From: Denis Kenzior <denkenz(a)gmail.com>
Sent: 25 April 2020 05:04
To: Diego Santa Cruz <Diego.SantaCruz(a)spinetix.com>; iwd(a)lists.01.org
Subject: Re: Compatibility problems with wired 802.1x
Sorry for the (very) late reply, I just noticed this message sitting in my Junk folder...
I have you whitelisted now.
>> Hmm, its been a while since I looked into ead. On the iwd
>> default to replying with the same protocol version as the request, but
>> looks like ead does indeed hard-code 2004 as the version.
> In ead context I think there is not always something to reply to, the
EAPPOL-Start message is sent unsolicited, so there is no request to look at to
get the version. That may explain why it is hardcoded.
Yes, with WiFi it is a bit simpler because 95% of the time the AP sends
us a RequestIdentity right away with a protocol version set. So we just
use that one. However, there have been instances where even this
strategy fails. For example, Time Warner / Spectrum hotspots send a
RequestIdentity with 2004 version, but refuse to process any packets
unless they're sent with 2001 version. We do send EAPOL-Start with 2001
in iwd, but for some reason ead uses 2004.
Ah! I guess the adage "do whatever Windows does" ensures best compatibility,
probably that the AP QA is often like "if it works with Windows then all is
good" despite the Wi-Fi alliance efforts. Well now ead uses 2001 so I hope that works
out well with all switches.
>> Yes, indeed it should. I suspect the reason is that it sort of just
>> happened to work even when the operstate wasn't set properly, but this
>> should be fixed.
> I have second thoughts about this. At least in the switch I am playing with, it
can be configured so that an unauthenticated supplicant is put into a guest
VLAN and one which fails authentication into an auth-fail VLAN (but my guess
is that this is pretty common functionality). If ead were to put the link into
dormant state until authentication succeeded it would mean daemons that
look at the link's running flag would not attempt to communicate before
authentication succeeded (e.g., DHCP client), thus loosing the possibility to
use the guest or auth-fail VLAN.
This area is tricky and not very well documented (on Linux and in
general) At least according to
daemons expect the supplicant to take the interface out of dormant mode
as a hint that DHCP requests can now be sent. So ideally,
EAP-RequestIdentity should trigger the interface going into OPER_DORMANT
mode. And EAP-Success should trigger it going into OPER_UP.

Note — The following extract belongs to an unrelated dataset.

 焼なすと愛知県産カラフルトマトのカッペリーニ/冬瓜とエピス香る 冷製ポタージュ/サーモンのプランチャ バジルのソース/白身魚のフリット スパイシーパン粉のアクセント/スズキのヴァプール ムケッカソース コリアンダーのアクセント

But, the complication is that there are implementations that send
RequestIdentity / reply to EAPoL-Start only after the initial DHCP
Discover has been sent out. This is a big reason why we think it makes
sense to put dhcp right into ead eventually.
I suspect ead will need to try to auto-detect (or have the user
configure) if this 'guest-vlan' type scenario is supported. And if it
isn't, leave the interface in OPER_DORMANT state.

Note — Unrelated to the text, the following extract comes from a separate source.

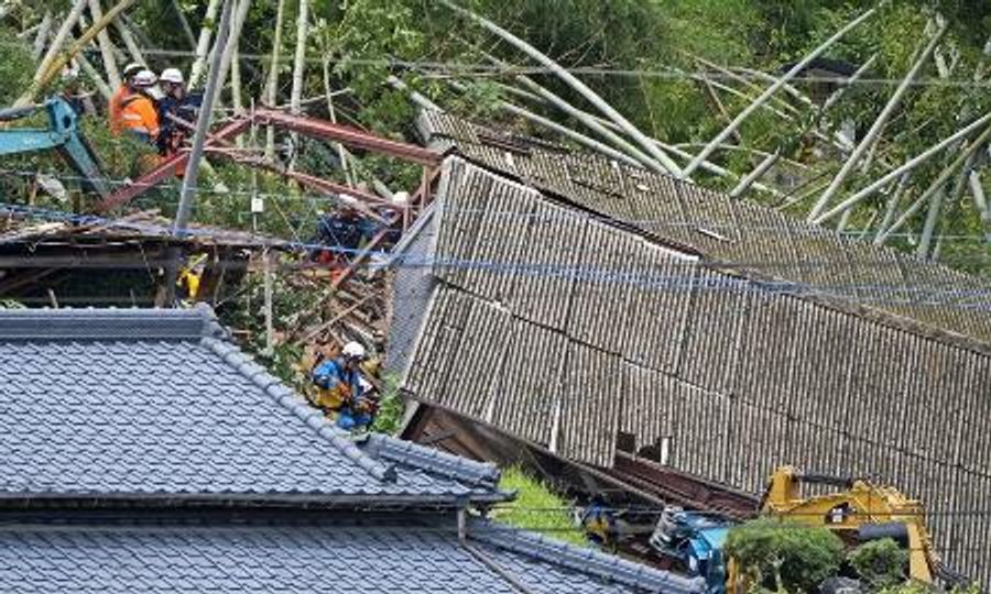 住宅倒壊現場=9日、鹿児島県姶良市

As far as I have been able to test the current situation in ead works well in practice, so
I am not sure adding complexity (implementation and configuration) to handle setting the
interface into dormant state and back up is probably not needed. We will be including ead
in the next firmware release for our products to add 802.1x support so it will get wider
testing, I will come back if we notice any problems.